慢性高原病(CMS)是一种高原适应不良综合征,其特征是由于自由基介导的血管一氧化氮(NO)生物利用度降低,导致全身氧化亚硝化应激(OXNOS)升高。为了更好地确定潜在机制和血管后果,本研究将健康男性低地居民(海拔80米,n = 10)与年龄/性别匹配、在玻利维亚拉巴斯出生并长大的高原居民(海拔3600米)进行了比较,其中有慢性高原病的(CMS+,n = 10)和无慢性高原病的(CMS-,n = 10)。使用电子顺磁共振光谱和基于还原臭氧的化学发光法对头静脉血进行检测。通过饮食回忆评估营养摄入情况。使用双功超声和压平式眼压计,通过血流介导的血管舒张、主动脉脉搏波速度和颈动脉内膜中层厚度评估全身血管功能和结构。高原居民的基础全身OXNOS持续升高(与低地居民相比,P = <0.001),在CMS+中进一步加剧,表现为在游离“催化”铁释放后羟基自由基自旋加合物形成增加(与CMS-相比,P = <0.001),这与芬顿和/或亲核加成机制一致。同时伴有整体蛋白质羰基化升高(与CMS-相比,P = 0.046)和血浆亚硝酸盐相应降低(与低地居民相比,P = <0.001)。高原居民维生素C、维生素E、胡萝卜素、镁和视黄醇的饮食摄入量较低,尤其是CMS+中由于水果和蔬菜消费减少而严重缺乏(与低地居民/CMS-相比,P = <0.001至0.028)。

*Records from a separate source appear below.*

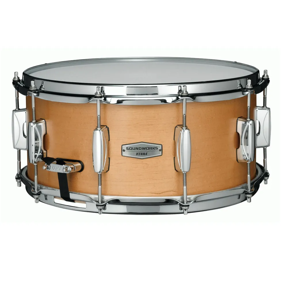 TAMA has a wide variety of snare drum options to complement our array of drum kits. From our super high end STAR snare drums to the Soundworks series, which offers quality at a great price, there is a model to fit every drummer’s desired sound and budget.. Part of the Tama Soundworks Series – 5mm 6ply Maple Shell Construction with Sound Arc Hoop (6 hole – 1.6mm), sized 5.5″ x 12″.
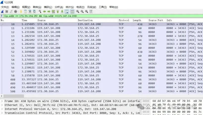 源IP过滤:使用 `ip.src == 目标IP` 来定位特定主机发送的网络流量,比如用于排查恶意程序的网络通信。目标IP过滤:使用 `ip.dst == 目标IP` 来查看发往特定主机的入站流量,比如确认服务器是否收到了客户端的请求。双向流量过滤:使用 `ip.addr == 目标IP`,可以同时显示指定IP地址的所有进、出站数据包,这对于排查网络连通性问题特别有用。
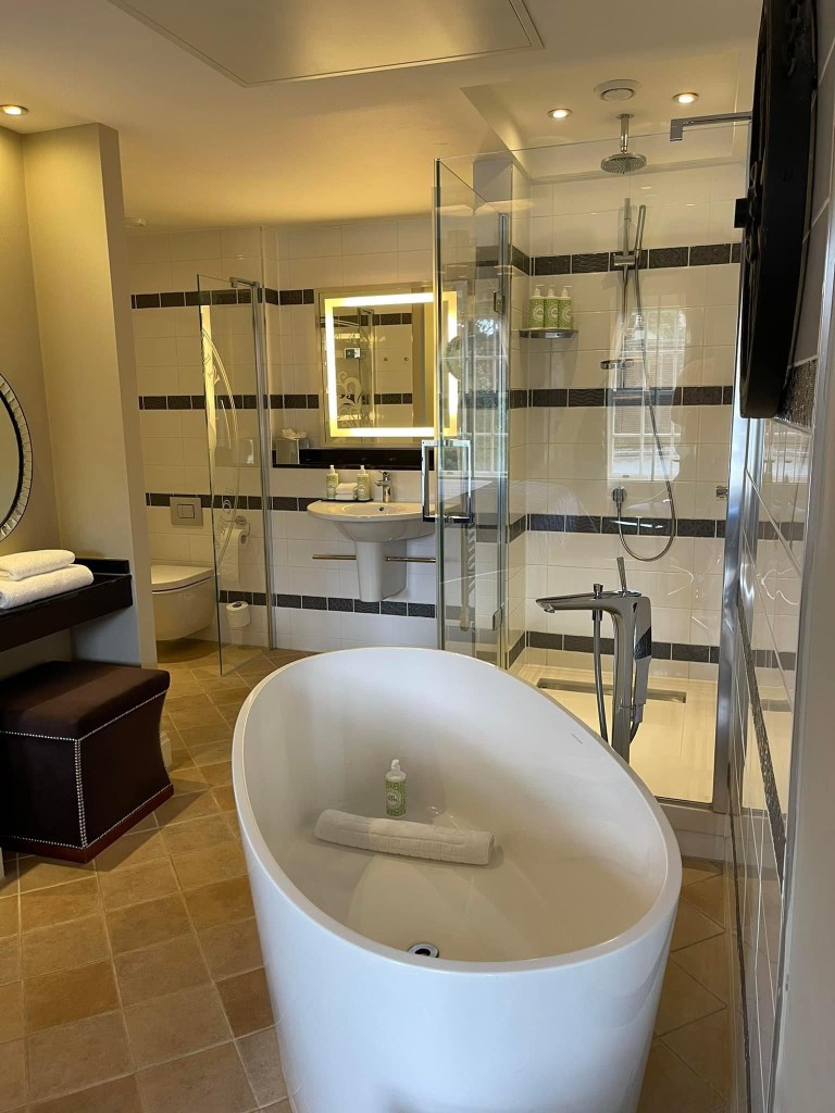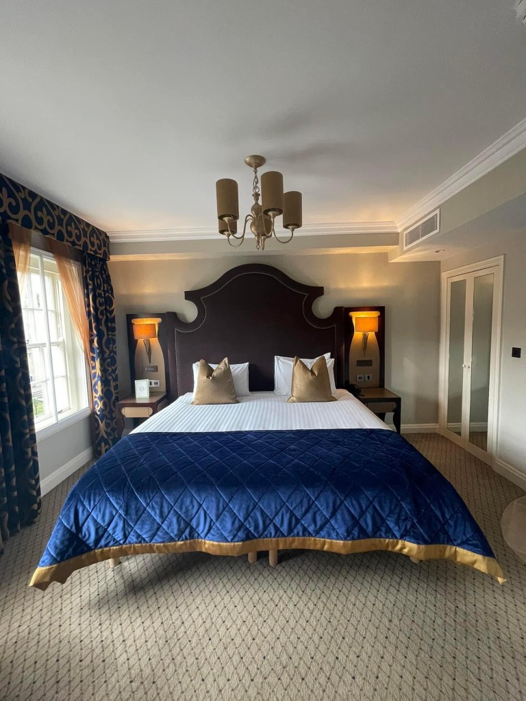 The room has a 6ft King sized extremely comfortable bed, with soft toppers and duvets with goose feather pillows, covered with luxurious Egyptian cotton linen. Additional pillows are included for your comfort and relaxation. This is the room of choice from our editor who has stayed in this room for every stay in Cheltenham.

高原居民的全身血管功能和结构也受损(与低地居民相比,P = <0.001至0.040),在CMS+中观察到更明显的功能障碍(与CMS-相比,P = 0.035至0.043),与全身OXNOS成正比(r = -0.692至0.595,P = <0.001至0.045)。总体而言,这些发现表明,终生暴露于铁催化的全身OXNOS,再加上抗氧化微量营养素的饮食缺乏,可能导致CMS+中的全身血管并发症以及发病率/死亡率增加。试验注册:ClinicalTrials.gov;编号:NCT01182792;网址:www.clinicaltrials.gov。